Inspectors, exploring the caves of Israel's Dead Sea region in search of artifacts, recently unearthed a rare coin dating back to 66 or 67 CE, from the first year of the Jewish rebellion against the Romans. The Israel Antiquities Authority announced that during the four-year revolt, this currency played a significant role in the clandestine Jewish economy.

According to Times of Israel, the coin was engraved with the words "Holy Jerusalem" in ancient Hebrew script rather than the local Greek language of that time. This choice was a testament to their Jewish identity and a decision to mint coins autonomously, as explained by Yani Devi David Levi, a numismatist from the Israel Antiquities Authority.

"For nearly 200 years, people made pilgrimages on foot and used silver coins to pay the 'half-shekel tax,'" Levi said. "And evidently, these coins were used to pay taxes in the temple as well as for the internal economy during the revolt."

The decision to mint coins autonomously during the rebellion was a political statement and an expression of national identity.
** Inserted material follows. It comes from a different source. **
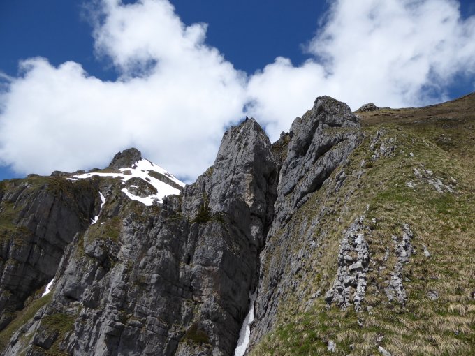 Gute Verhältnisse in diesem schönen, relativ kurzen Klettersteig (siehe Routenbeschreibung). Im Zustieg im flachen Gelände kleine Schneefelder, die aber nicht stören und bald ganz verschwinden werden. Fels trocken, was vor allem deswegen günstig ist, weil nicht alles "vernagelt" ist, und man öfters (v.a. im unteren Teil) auch Tritte und Griffe im Fels zu benützen hat. Auch der (bei Nässe heikle) Abstieg war trocken und schneefrei. Und das Wetter hielt prächtig, bis am frühen Nachmittag zeitweise Nebelschwaden aufzogen. Im Clariden-/Scherhorngebiet sah es – mindestens aus Distanz – schon am Morgen weniger gut aus.

At that time, only the Roman emperor had the right to mint coins, and they almost always featured the image of the ruling emperor and animals.

On the coins minted by Jewish rebels, three pomegranates were depicted. On the other side of the coin was an image of a vessel resembling one that the priests might have used in the Holy Temple, along with the words "half-shekel" and the letter "aleph," signifying the first year of the rebellion against the Romans.

"There was probably a rebel who wandered the desert and lost this precious treasure of a shekel, and fortunately, we managed to find it after 2,000 years and return it to the public," said Hagai Hamer, an archaeologist researching the Judean Desert. "There are people who continue the tradition of paying the temple's half-shekel tax to this day as a commandment."

Archaeologists discovered the coin in the Ein-Gedi oasis area during an intensive survey of all the caves in the Judean Desert, aiming to identify and document archaeological findings before they could be looted by thieves, particularly additional Dead Sea Scrolls. For the past six years, researchers have traversed the desert, both on foot and descending steep cliffs to reach the caves hidden in the mountainside. This investigation is a joint initiative of the Israel Antiquities Authority, the Ministry of Heritage, and the Civil Administration's Archaeology Division in Judea and Samaria.

"Over the six years of the project, we have documented over 800 caves and found thousands of significant discoveries," said Amir Ganor, the director of the Judean Desert research and excavation project. He mentioned that if ancient artifact thieves had found the coin, they could have sold it at a considerably high price.